## Task
Set out word for word the line that contains "While the $50" and each line after it, through the end of the data below, but exclude the pictures.

## Exercise data
•••
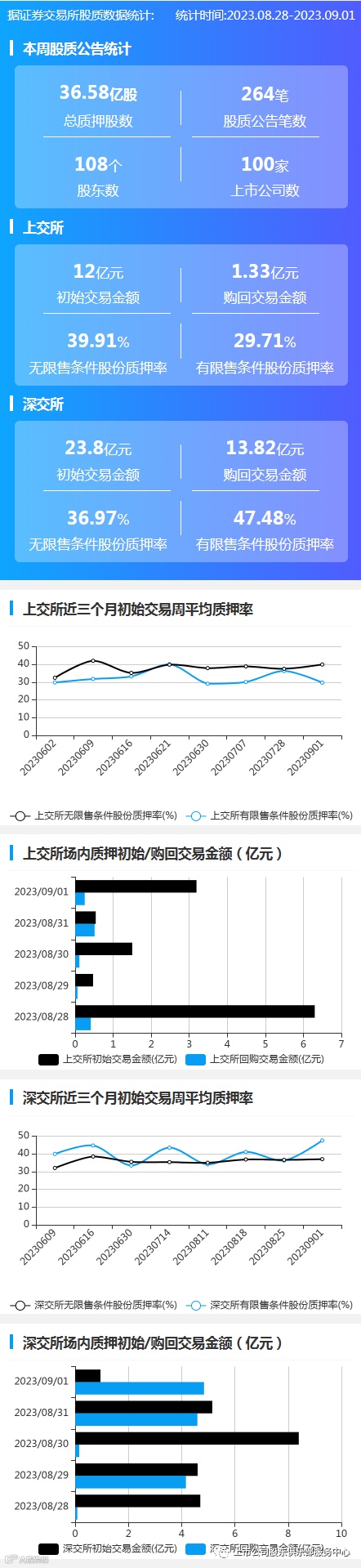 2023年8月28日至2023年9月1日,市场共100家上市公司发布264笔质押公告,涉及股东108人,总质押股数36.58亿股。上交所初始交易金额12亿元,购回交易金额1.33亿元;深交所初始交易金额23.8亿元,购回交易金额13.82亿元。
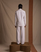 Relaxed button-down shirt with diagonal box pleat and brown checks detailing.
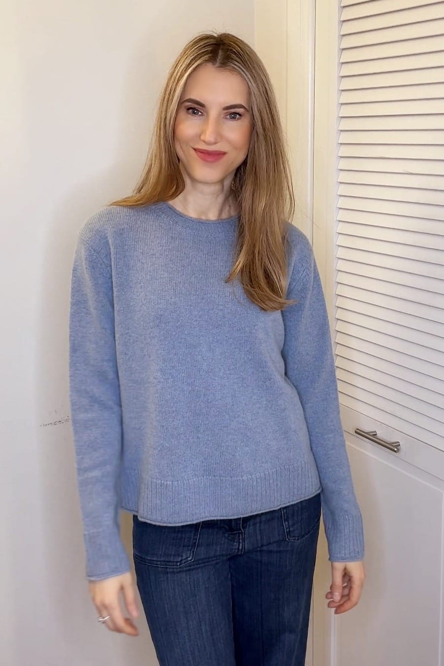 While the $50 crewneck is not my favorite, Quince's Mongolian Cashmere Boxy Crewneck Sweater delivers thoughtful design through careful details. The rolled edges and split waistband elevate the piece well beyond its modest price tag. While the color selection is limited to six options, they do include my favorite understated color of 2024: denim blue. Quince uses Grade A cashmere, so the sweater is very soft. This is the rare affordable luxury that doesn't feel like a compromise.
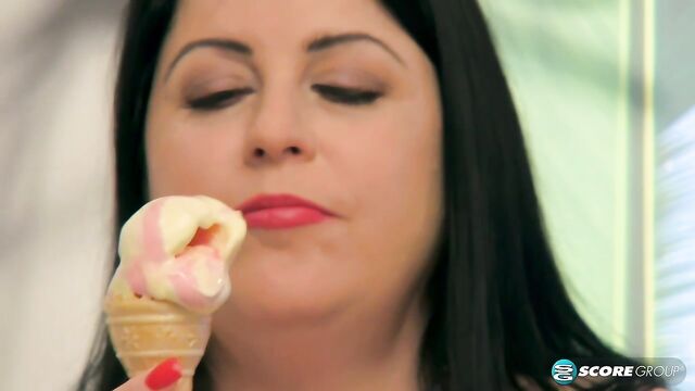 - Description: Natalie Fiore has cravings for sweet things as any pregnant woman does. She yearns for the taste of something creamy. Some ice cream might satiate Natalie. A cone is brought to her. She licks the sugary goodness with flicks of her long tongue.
•••
## Problem solution
 While the $50 crewneck is not my favorite, Quince's Mongolian Cashmere Boxy Crewneck Sweater delivers thoughtful design through careful details. The rolled edges and split waistband elevate the piece well beyond its modest price tag. While the color selection is limited to six options, they do include my favorite understated color of 2024: denim blue. Quince uses Grade A cashmere, so the sweater is very soft. This is the rare affordable luxury that doesn't feel like a compromise.
 - Description: Natalie Fiore has cravings for sweet things as any pregnant woman does. She yearns for the taste of something creamy. Some ice cream might satiate Natalie. A cone is brought to her. She licks the sugary goodness with flicks of her long tongue.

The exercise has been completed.